China PV slowdown could prompt deep module price falls in Q3

Share

The cliché that when China sneezes, Australia catches a cold often rings true, particularly in the PV sector. A series of policy adjustments, announced by three Chinese government agencies on Friday, will likely have repercussions in the Australian PV market. An anticipated decline in the Chinese solar market of some 10 GW will have repercussions around the world and could prompt sharp reductions in module and cell prices from July onward.

The last such market shock, in the third quarter of 2016, saw module average selling prices (ASPs) fall around 30% – a hit from which some Australian manufacturers never recovered, along with a number of European distributors, with the fall in value of inventories proving fatal.

However it should be noted that a similar steepling fall in module prices is not a certainty. Frank Haugwitz, of the Asia Europe Clean Energy (Solar) Advisory (AECEA), says policy makers in China sent signals earlier this year that a winding back of subsidies was imminent. It is likely manufacturers with good connections to the Chinese government would have made plans to either scale back or cancel planned production capacity expansion as a result.

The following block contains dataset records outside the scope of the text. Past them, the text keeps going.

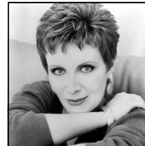
Acclaimed Recording Artist Maureen McGovern
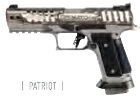
| PATRIOT |
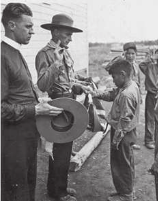
A student at the All Saints School in Aklavik, Northwest Territories, taking his Cub Scout oath.
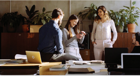
WHAT YOU SEE
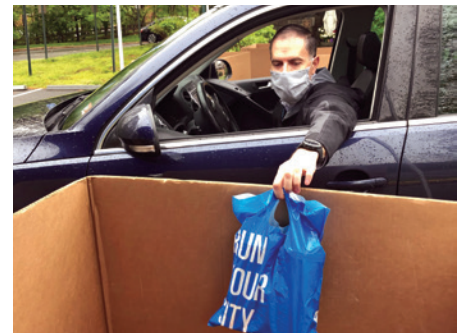
A man deposits his food donation at the Friday no-contact drive thru food drive at St. Bernadette Catholic Church.
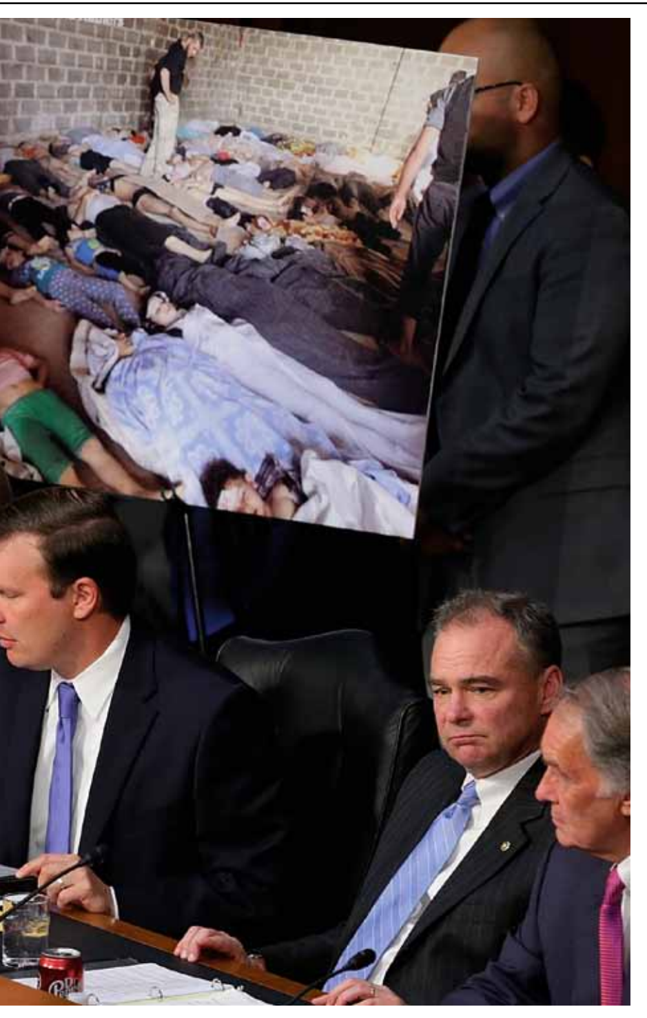
US senators examine pictures of the alleged victims of Assad's chemical weapons

the West effectively on its doorstep. Hot on the heels of collapse from superpower to also-ran, the imminence of Western military, then cultural and economic advances into the original Cold War buffer zone have placed the Kremlin on the back foot in Europe for years. Adventures in Belorussia, Moldova, Trans-Dniester and Ukraine could be seen as an attempt to maintain that cordon sanitaire, with the Kremlin more than prepared to influence these countries to keep them away from the threats posed by the West.
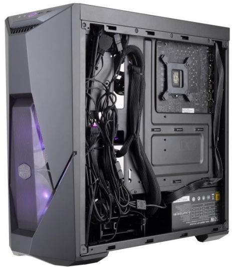
Just some example
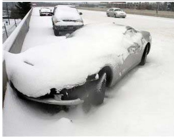
Snow covered cars sit idle alongside Interstate 85 after a snow carpeted the Deep South in Atlanta, Georgia, on 10 Jan, 2011.

During this winter, the virus strain has resurfaced in several European countries including Britain, Sweden, Iceland and Finland. —Xinhua
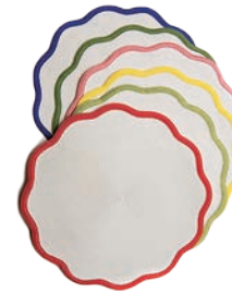
Round scalloped place mats, £28 each, Edition 94 (theedition94.com)
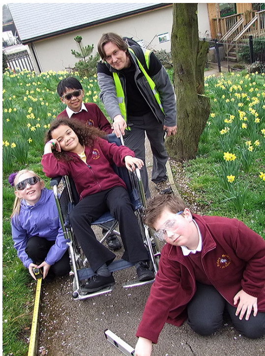
Schoolchildren helping with access audit in Arnot Hill Park

Whilst designing the sensory bed, the children also took the opportunity to support the access audit being carried out. The children used a wheelchair and special goggles to simulate physical and visual impairment, and then helped to assess different parts of the park from their new perspectives. The children were able to comment on issues such as the design of interpretation boards and accessibility of benches, also to consider the potential for a map showing slopes around the site.
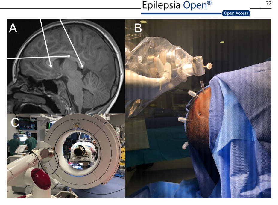
FIGURE 1 A, Example of a preoperative planning photo using T1weighted MRI to visualize LITT catheter trajectory to target the genu, isthmus, and splenium of the corpus callosum. B, Example of capped intraoperative electrode catheters. C, ROSA robot and O-arm intraoperative imaging system. Not visualized is the Leksell stereotactic system head frame, which is preferred for LITT callosotomy for its flexibility

guidance bolt along the planned trajectory and MRgLITT is performed under direct MR thermography. The ROSA robot navigates to each subsequent trajectory, and this process is repeated for each trajectory. Imaging is obtained to assess tissue changes and successful ablation of fibers (post-contrast MPRAGE, T1, and DWI). Once acceptable ablation has been achieved, the patient is taken to OR where ablation bolts are removed and sutured.
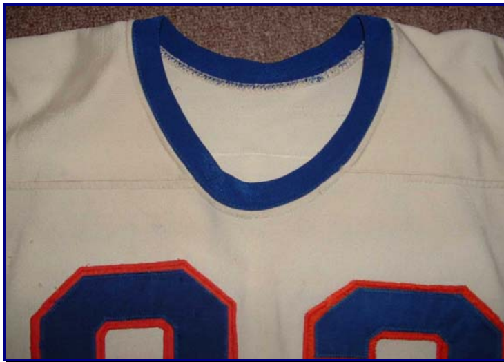
Fig. 65-7. Collar detail from circa 1965 road jersey.
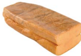
SM010 - g. 500 - 600 Swordfish roe 500-600gr slice pack
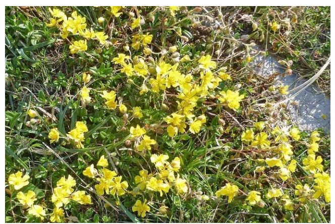
Hoary rock-rose (Helianthemum canum)
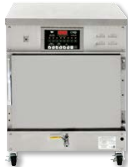
CAT507 CVAP® THERMALIZER OVEN HALF SIZE MODEL WITH FAN 8000 Series, 8 - Channel Electronic Control

CVap equipment complies with domestic and international requirements such as UL, C-UL, UL Sanitation, CE, MEA, and others.
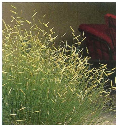
'Blonde Ambition' blue grama grass Bouteloua gracilis
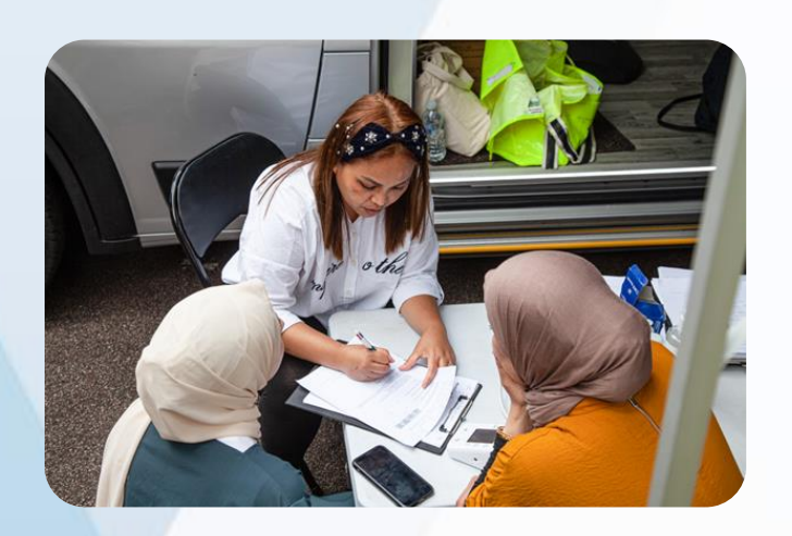
Advice & Information

We were grateful for the presence of Southwark Refugee & Migrant Project.
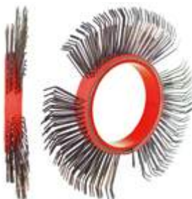
BRISTLE BLASTER® AXIAL BELT, STEEL, 11 MM, LEFT
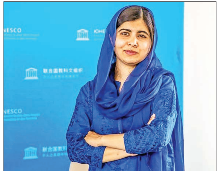
Nobel laureate Malala Yousafzai has signed a multi-year deal to produce content for Apple TV+.

At the time, the Pakistani Taliban had gained a significant foothold in the Swat Valley, imposing a fundamentalist version of Islam on areas they
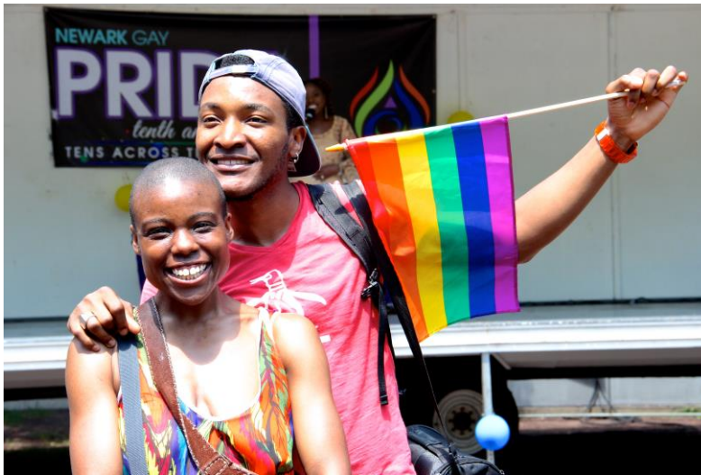
Newark Pride Festival, 2015.

piers of the Atrium's arcade, helping to direct visitors to the First Floor Gallery. Video clips with historic footage from the elaborate balls held by the LGBTQ community, part party, part community gathering, part educational center, will be shown. In the 1990s, at the height of the AIDS epidemic, events like the Fireball were places where safe sex information was available.
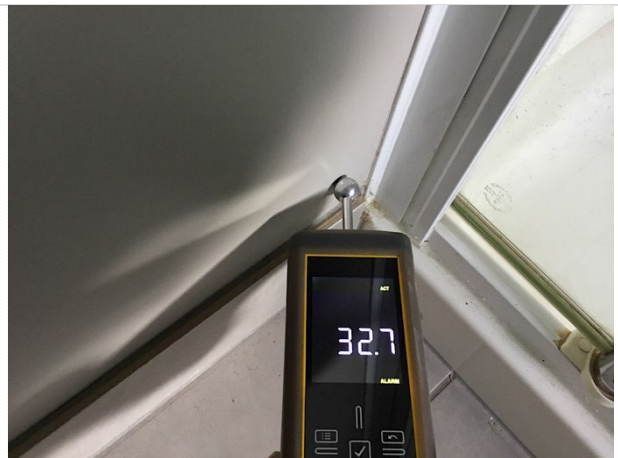
16. Beside bathroom shower
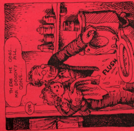
"R. CRUMB: MR. SKETCHUM"

Announced Chinese solar production capacities were slated to reach just over 70 GW this year – according to analysis by UK solar blog PV Tech. With the Chinese market set for a serious decline – particularly in the utility scale segment, but realistically across the distributed generation (DG) market too – module makers will be eager to find buyers.

Chinese project developers, who installed some 33.62 GW of large scale solar in 2017, will also be looking to acquire projects in attractive markets. This could explain, in part, the moves by some to acquire early-stage Australian PV projects. Canadian Solar, Risen Energy and Clenergy have all moved to purchase Australian projects in recent months – despite some having not yet signed PPAs or offtake agreements.

The forecast sharp downturn in the 2018 Chinese market is a result of the 2018 Solar PV Power Generation Notice issued by China’s National Development and Reform Commission (NDRC), the Ministry of Finance (MOF) and the National Energy Administration (NEA) on June 1. It outlines declining FITs, the abolition of a large scale solar target and major changes to DG project regulations.

AECEA notes the changes are likely a result of the widening gap between Chinese FIT obligations and the government’s ability to pay them. The delta between the government’s renewables fund and its forecast FIT payments now stands at well over US$10 billion – China analyst Mr Haugwitz notes.

Summing up the changes in a June 2 briefing paper on the China market changes, AECEA’s Haugwitz wrote: “2018 is a transition year for China’s solar PV market, but more fundamental and far reaching than anticipated!”